Friday, June 15, 2012

Globals and State

One of the great lessons learned -- long ago -- was that making variables ‘global’ in programming code was just asking for trouble. It is of course, easier to write the code with globals; you just declare everything global then fiddle with it wherever you want. But that ease comes at the rather horrendous cost of trying to modify the code later. Get enough different sections of code playing with the same global and then suddenly it is very complicated to ascertain what any little changes to the variable will do to the overall system. So we came to the conclusion that these ‘side-effects’ were both very expensive and completely undesirable. A lot of effort went into making it possible in most modern languages to batten down the scope for everything, variables, functions, etc. We turned our attention towards stuffing as much as possible into ‘black boxes’ -- encapsulation -- so that we minimize its interaction with the rest of the code base.

Another lesson often learned was that stateless code was considerably easier to debug than code that supported a lot of internal states. If you execute the code and each time its behavior is identical, it is fairly straightforward to determine if it is correct or not. If however, the behavior fluctuates based on changing internal state information, then testing becomes a long and drawn out process of cross-referencing all of the different inputs with the different outputs (a task usually short-changed leading to corner-case bugs). Test cases become complex sequences that are both time consuming and hard to accurately reproduce. Simple tests for stateless code means less work and better quality.

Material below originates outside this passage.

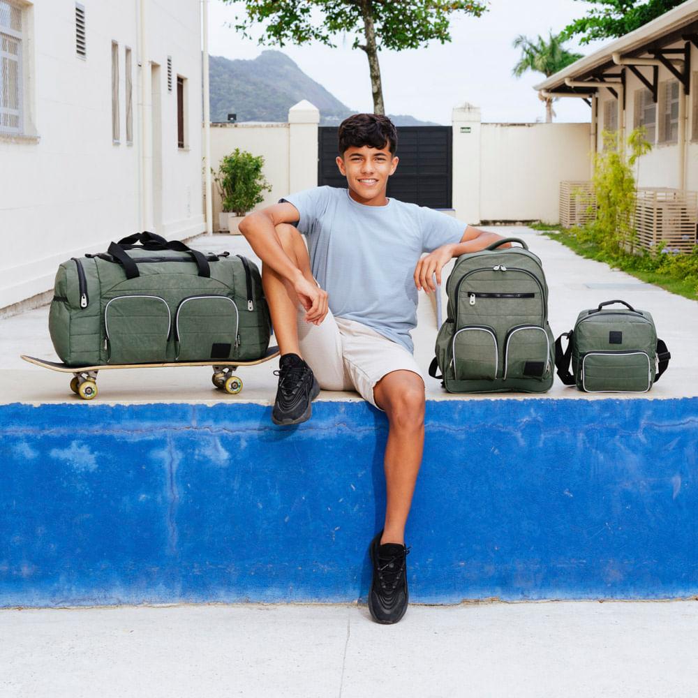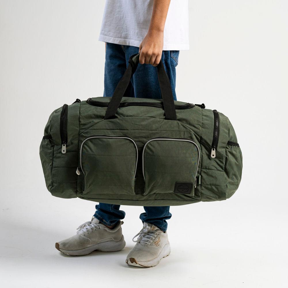 Bolsa de Viagem Color Block Bolso Duplo Frontal Verde Escuro

State changes can come from internal modification of variables, but they are most often triggered by things external to the scope of the code. Thus, function A modifies some state information, so that the behavior of function B changes. Generally the call to function A comes from somewhere on the outside of function B’s code block. This essentially forms an indirect reference to the state for function B, which relies not on a global variable, but rather a function that could be accessed globally. A global function. When we banished globals we did so for static variable declarations, however a code-based dynamic call is essentially the same thing. In a very real sense, any part of the program that is subject to changes either directly, or indirectly, that originate from other parts of the program is some type of global. Global data or global action, it doesn’t matter.

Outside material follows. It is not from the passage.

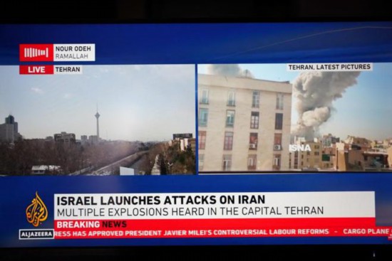 这张2月28日拍摄的半岛电视台电视直播画面显示的是以色列对伊朗发动袭击。新华社记者 张浩波 摄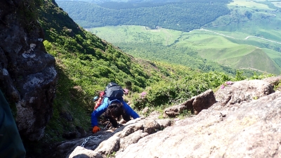 | 最初の鎖場、鎖を使わず登れますがバランスを取る為使用しました。 | |

Ideally to make everything easily testable we’d like 100% of all arguments explicitly pushed into every function, and to support changes within the system we’d like 0% side-effects, so everything changed is returned from the function. Global-less, stateless code.

Often in APIs there are a large number of different primitives available. Different users of the API will access these subsets of functions in many different orders. In most Object Oriented (OO) languages this is handled by using something equivalent to set/get methods to alter the state of internal private variables, which other primitives use as values in their calculations. However, these methods are only available if the object is within the scope of the caller, so it has the effect of  constraining their usage. So long as the object is not global, the methods are not either. The object becomes a local variable, interacting with it can be in any order necessary. However you can violate this easily by either setting the method calls to static or by creating the object as a Singleton. Either way introducing a global effect.

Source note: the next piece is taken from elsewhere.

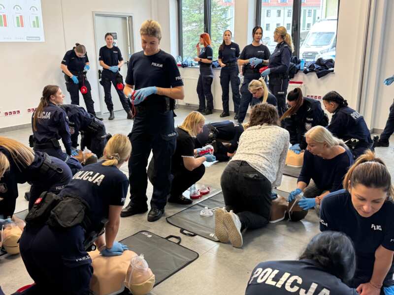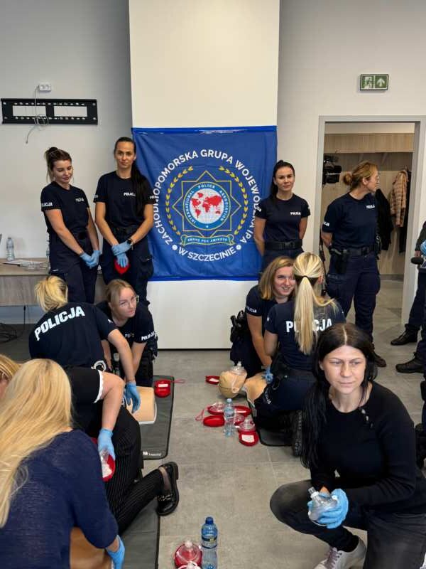 Szkolenie oraz część praktyczną poprowadzili dr Michał Kurdziel oraz Grzegorz Nakoneczny z Wydziału Doskonalenia Zawodowego Komendy Wojewódzkiej Policji w Szczecinie. Po krótkim wprowadzeniu teoretycznym funkcjonariuszki przez 100 minut nieprzerwanie prowadziły resuscytację w dziewięciu sześcioosobowych grupach.

Another way to mess with things is to have the internal data as a reference to an object that is outside of the scope. When changes to that underlying object can occur anywhere in the code,this is another form of global manipulation.

In most systems, particularly if there is an interface for users, there is a considerable amount of mandatory state. Basically the computer is used to remember the user’s actions so that the user doesn’t have to keep supplying all of the contextual data over and over again. Depending on how the surrounding session mechanics interacts with the underlying technology, this can leave a lot of little pieces of required state laying all over the code. This of course is a form of spaghetti (variable-spaghetti) and it can be quite nasty because it gets placed everywhere. Cleaning this up means collecting all of the state information together into a single location for any given technical context. So for instance, in a web app there is likely one big collection of user state information in the browser, and another collection associated with the user’s session in the server. That’s fine and considerably better than having a huge number located in both places.

Long ago we identified that global variables were a big problem and in many circles we banished them. But I think we focused too hard on the ‘variable’ part, and not enough on the ‘global’ aspect. Global anything is a potential problem, anywhere. Like disorganization and redundancies, it is just a pool of gasoline waiting for a match. Software systems can be composed of an outrageous amount of complexity, and the only way to effectively deal with it is by encapsulating as much as possible into well-organized sub pieces. If you break that encapsulation... well, you are pretty much right back to where you started ...